My system reported "clocksource tsc unstable".

Elsewhere on the web I read that it's expected the kernel will automatically switch to a more reliable clocksource. But my system didn't report any such switching to a different one.

I changed my grub.conf to include clocksource=hpet on the kernel line.
I just realize that I've been running the most recent f10 kernel since yesterday... Maybe that fixed my problem?

(I'll report back later if the system keeps being stable.)

Comment 12 Bug Zapper 2009-11-18 10:03:37 UTC
This message is a reminder that Fedora 10 is nearing its end of life.
Approximately 30 (thirty) days from now Fedora will stop maintaining
and issuing updates for Fedora 10.  It is Fedora's policy to close all
bug reports from releases that are no longer maintained.  At that time
this bug will be closed as WONTFIX if it remains open with a Fedora 
'version' of '10'.

Package Maintainer: If you wish for this bug to remain open because you
plan to fix it in a currently maintained version, simply change the 'version' 
to a later Fedora version prior to Fedora 10's end of life.

Bug Reporter: Thank you for reporting this issue and we are sorry that 
we may not be able to fix it before Fedora 10 is end of life.  If you 
would still like to see this bug fixed and are able to reproduce it 
against a later version of Fedora please change the 'version' of this 
bug to the applicable version.  If you are unable to change the version, 
please add a comment here and someone will do it for you.
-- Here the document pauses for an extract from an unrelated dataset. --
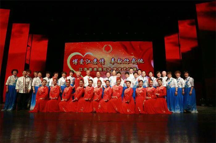2017年 5月8日,南京市红十字会“志友”协会歌舞乐团应邀参加了江苏省首届《博爱杯》红十字文艺汇演,他们可是代表南京市唯一的一个歌舞乐团,同时也是该团第一次参加全省性的大型演出。在省市红十字会和省演艺集团的支持下,经过几轮筛选和改进,乐团最终确定大合唱歌舞表演《红十字颂歌》为演出曲目,并精心编排舞蹈动作使悠扬的歌曲和优美的舞步演绎相得益彰,最终荣获江苏省首届“博爱杯”红十字文艺汇演风采奖奖杯!当南京市红十字会刘文华总干事当着全团人员的面将这个沉甸甸的奖杯交到“志友”协会歌舞乐团团长戴兰佩手中时,大家都为了这个来之不易的奖杯欢欣鼓舞。
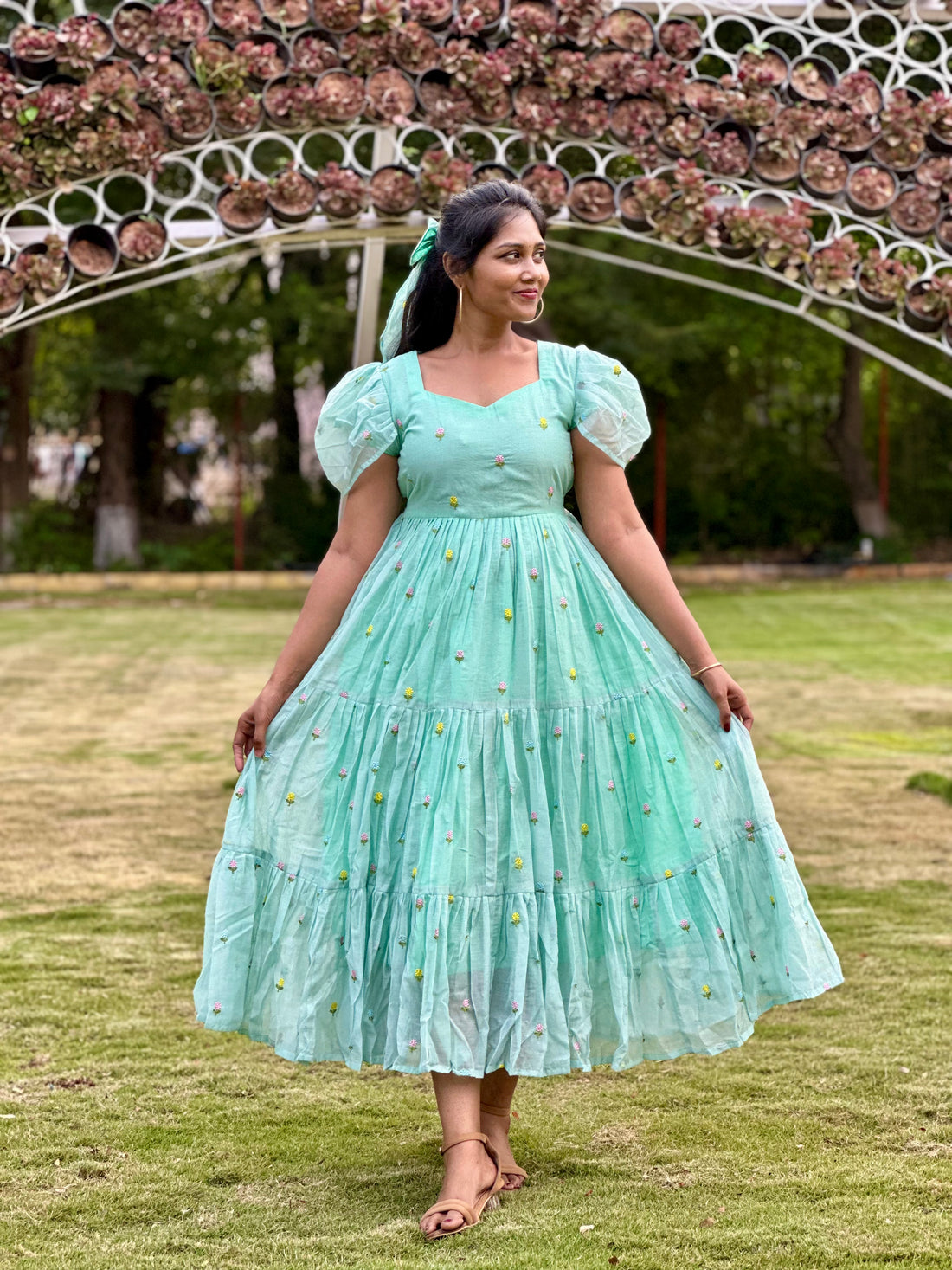 Step into effortless elegance with this premium mul chanderi tiered frock, designed with a flared...

Although we aim to fix as many bugs as possible during every release's 
lifetime, sometimes those efforts are overtaken by events.  Often a 
more recent Fedora release includes newer upstream software that fixes 
bugs or makes them obsolete.

The process we are following is described here: 
http://fedoraproject.org/wiki/BugZappers/HouseKeeping

Comment 13 Bug Zapper 2009-12-18 09:29:53 UTC
Fedora 10 changed to end-of-life (EOL) status on 2009-12-17. Fedora 10 is 
no longer maintained, which means that it will not receive any further 
security or bug fix updates. As a result we are closing this bug.

If you can reproduce this bug against a currently maintained version of 
Fedora please feel free to reopen this bug against that version.

Thank you for reporting this bug and we are sorry it could not be fixed.